Though he directed films like Ambadi Thannilorunni and Dhanurvedham, they hardly made an impact. It was A. R. Rahman who played the keyboard for Ambadi Thannilorunni's background music. He directed a 17-episode series on Tyagaraja for DD Malayalam and a telefilm called Ariyathe.
For the last two years before his death, he had been active in the field of music research. Inspired by Tyagaraja he introduced Pancharatna Kritis in Malayalam. He had composed Malayalam keerthanams based on 72 melakarta ragas. These keerthanams are filled with most of the traditional literature and musical masters from Vedavyasan to Poonthanam. Earlier he had composed a Jesus Christ suprabhatam song in alphabetical order. He also wrote 10 keerthanams, composed in carnatic music, based on Bible verses.

==Awards==
- 2012 – Lifetime Achievement Award by Kerala Sangeetha Nataka Akademi, in connection with the 150th birth anniversary celebrations of Rabindranath Tagore.
- 2022 – Harivarasanam Award

==Personal life==
Ranganath was married to B. Rajasri, a classical dancer and teacher.

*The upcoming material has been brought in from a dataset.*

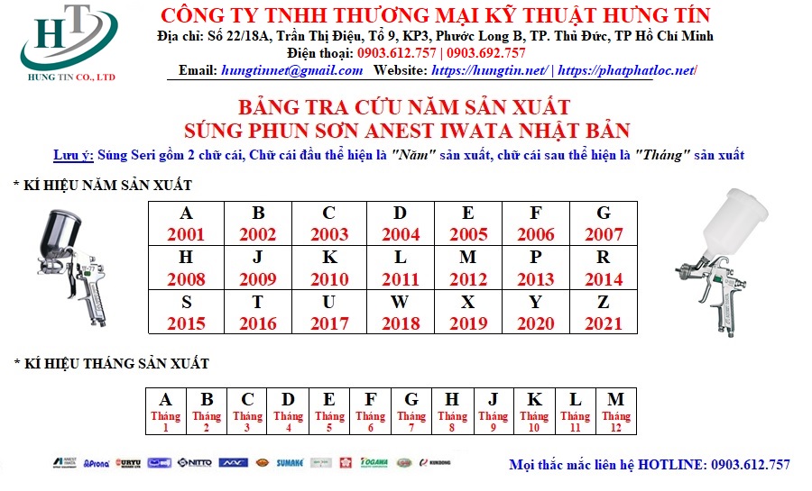 ♦ Bảng tra cứu seri của Anest Iwata để biết năm tháng sản xuất súng Anest Iwata

He was living with his family at Ettumanoor.

==Death==
Ranganath died on 16 January 2022, at the age of 72. He was undergoing treatment at Government Medical College, Kottayam as he was tested positive for COVID-19 and had respiratory issues. Just days before his death, he was awarded with Harivarasanam Award by Travancore Devaswom Board and had a concert at Sabarimala Temple. He was cremated with full state honours at his home in Ettumanoor, where he was living for the last four decades of his life.